A brand is a fictional person. Like people, it has many unique characteristics, including sound. The sound of a brand can help users identify the personality of the brand immediately through hearing. Today, Amazon Polly, Amazon’s cloud service, launched the voice of brands, a fully automated service. The service can transform the text content into realistic voice, and provide special customized voice service for customers.
As Rafal Kuklinski, head of AI voice at Amazon, and Ankit dhawan, senior product manager, explained in a blog post, “voice of brands” allows companies to differentiate between other brands by incorporating unique voice features into their products and services. “Every company can have its own unique sound brand.” They wrote.
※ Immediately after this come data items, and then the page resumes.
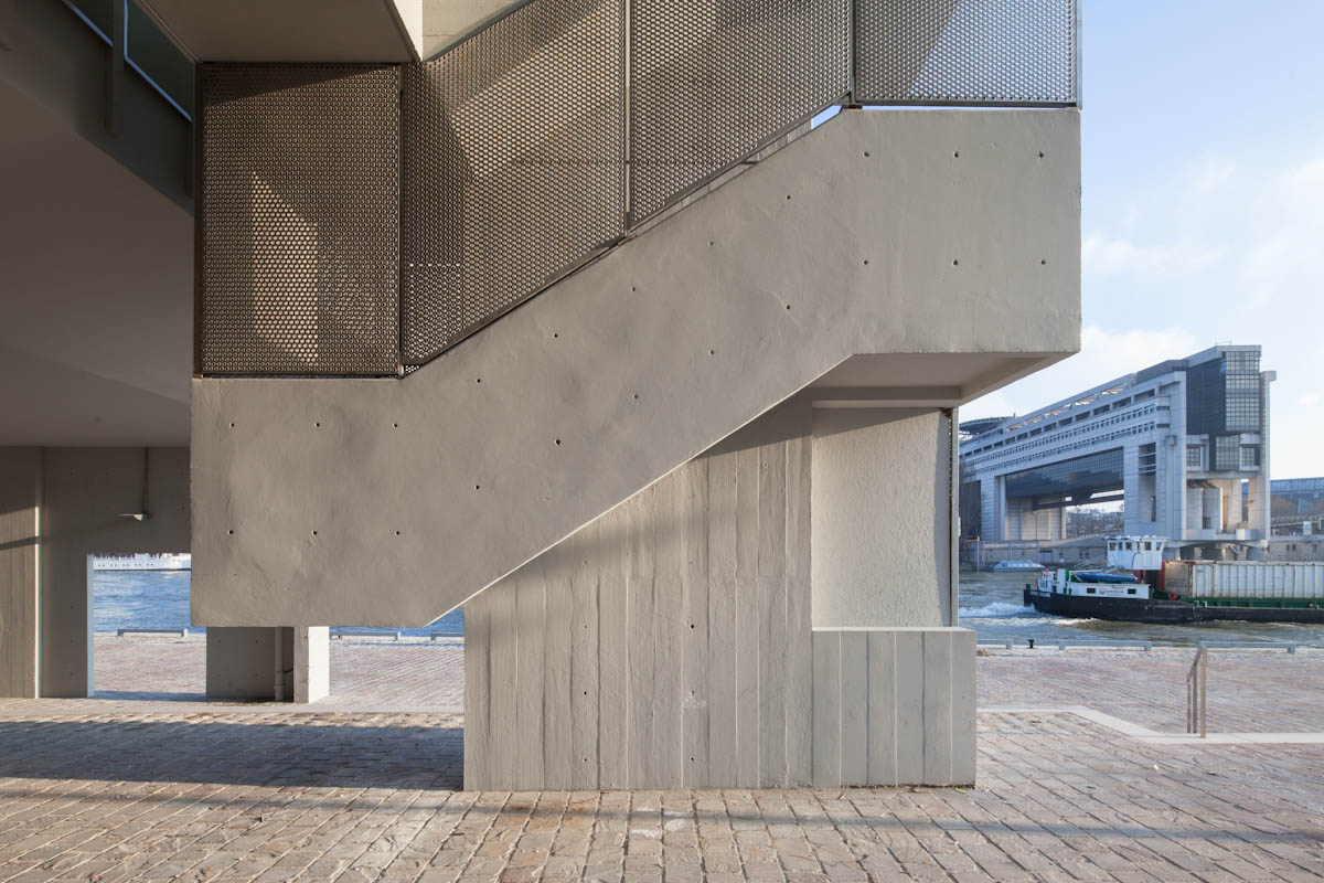 Ce projet de réhabilitation s’est élaboré à partir d’une analyse du bâtiment actuel au regard des objectifs du programme. La Maison de la Batellerie s’intègre dans un ensemble de bâtiments qui forme une façade urbaine sur la Seine. L’implantation stratégique de cette « Maison » entre Seine et quai, offre des vues exceptionnelles, mais différentes transformations ont supprimé cette perméabilité. De plus en 1970, une surélévation de la salle de bourse a été réalisée par un « pastiche » de tôles nervurées imitant la façade béton. Cet ajout rend « lourd et massif » le volume en excroissance.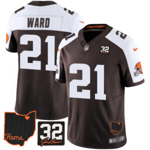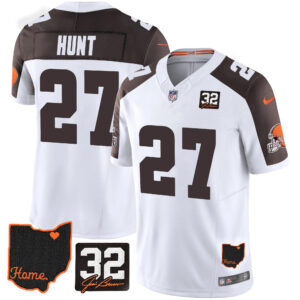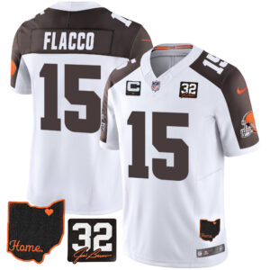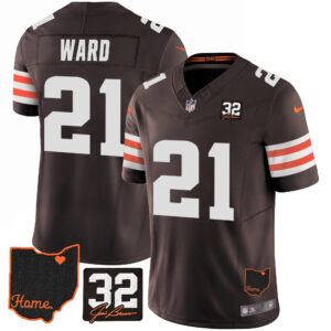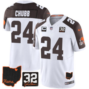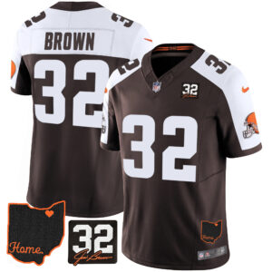 Men’s Cleveland Browns ‘#32 Jim Brown Memorial & Home Patch’ Vapor Baseball Jersey – All Stitched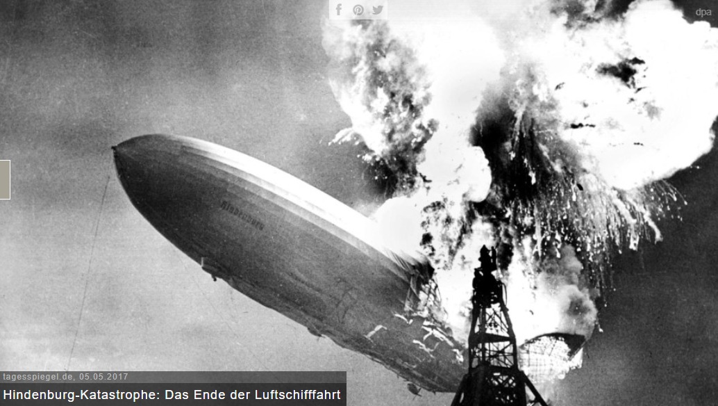 A Hindenburg léghajó katasztrófája (a kép forrása: tagesspiegel.de)

Amazon has teamed up with KFC to implant an English accent from the south of the United States into the KFC’s brand logo “grandfather KFC” and launch it on Amazon’s Alexa app. In addition, it has designed Australian English voice for National Australia Bank, which has moved its contact center to Amazon connect.
At the end of last year, Amazon introduced in detail its work in using AI to generate speech (“the impact of data simplification effect on text to speech conversion”) in a research paper, in which the researchers described a system that only needs a few hours of training to learn a new language style. For the same purpose, dubbing actors can take dozens of hours.
Amazon’s AI model consists of two parts. The first is neural network, which can transform the phoneme sequence into the spectrogram sequence. The change of sound with time makes the spectrum can be clearly observed by the naked eye. The second is a vocoder, which converts the spectrogram into a continuous audio signal. This training method of artificial intelligence model combines a large number of neutral style voice data with the required style data and an AI system that can distinguish voice. Amazon has used it internally to generate new sounds for Alexa.
This technology has good commercial value. The task of brand voice (for example, the role FIO played by actress Stephanie Courtney) is usually to record phone trees for interactive voice response systems or e-learning scripts for corporate training videos. Synthesizer can improve the efficiency of actors by reducing the number of auxiliary recording and answering, and at the same time make them free time for creative work.
Amazon and Google stand out in this area with the voice of brands and other services that transform text into voice. Google recently launched 31 AI synthesized WaveNet voice and 24 new cloud text to voice service standard voice. In addition, Amazon has another noteworthy competitor Microsoft, which provides three kinds of AI generated preview voice and 75 kinds of standard voice through azure voice service API.
Amazon’s “voice of brands” also competes with the products of a number of start-ups, such as voicery, which provides customized digital sound that sounds impressive, much like the human voice. Ispeech, a text to speech technology start-up, has similar voice tools, as do modular, respeecher, reset AI, describe and deepsync in Bangalore, India.